Fiduciary Law and the Preservation of Trust in Business Relationships

Brian J. Broughman, Vanderbilt Law School
Elizabeth Pollman, University of Pennsylvania Carey Law School
D. Gordon Smith, Brigham Young University

In Fiduciaries and Trust: Ethics, Politics, Economics, and Law (Matthew Harding and Paul Miller eds., Cambridge 2020)
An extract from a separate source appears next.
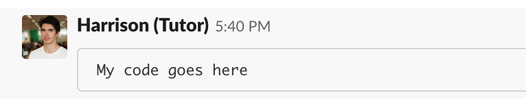 As we progress in the semester you will probably be using slack more as you ask tutors or your peers for help with programming. Here are some best practice guidelines for asking for help. There are two methods for sending code in Slack.
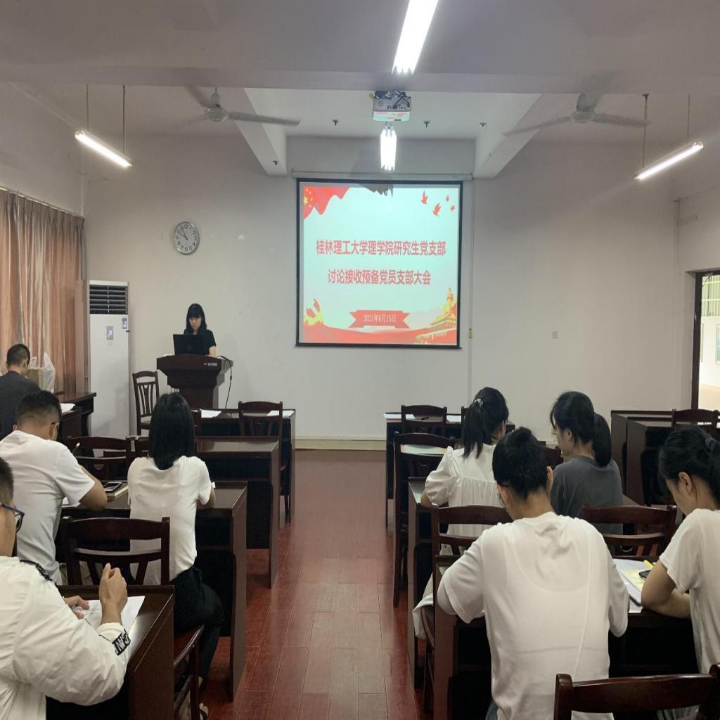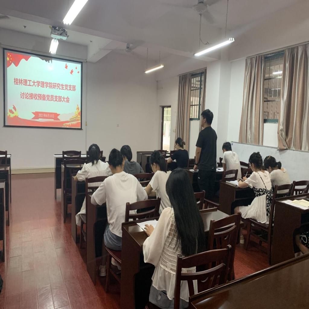 2021年6月15日下午在雁山校区07122教室,我院研究生党支部召开预备党员接收大会,讨论刘云辉等4名发展对象接收为预备党员问题。会议由支部副书记胡蓉主持,支部全体党员参加。

This chapter explores the role of mandatory fiduciary obligations in preserving trust between business parties. Because contracts are inevitably incomplete, after investment there is always a risk of opportunism. While the parties could try to draft a more detailed agreement prohibiting various forms of opportunism, the very act of haggling over such protections may signal distrust, eliciting costly reactions (defensive measures/hedging/lack of intrinsic motivation) in the counterparty. In the absence of fiduciary protections, a vulnerable party may decide to forgo important protections against opportunism, not because such protections are suboptimal or hard to specify ex ante but because bargaining for them would signal distrust. By contrast, state-imposed fiduciary obligations remove the invocation of distrust by either party to the agreement. We further observe that while fiduciary protections can help prevent distrust among a small number of contracting parties, fiduciary protections may prove inadequate in some settings, especially in addressing horizontal conflicts between beneficiaries. The chapter concludes by observing that the limits of contract and fiduciary law leave a residual zone of vulnerability in which trust and other mechanisms of risk reduction play a significant role.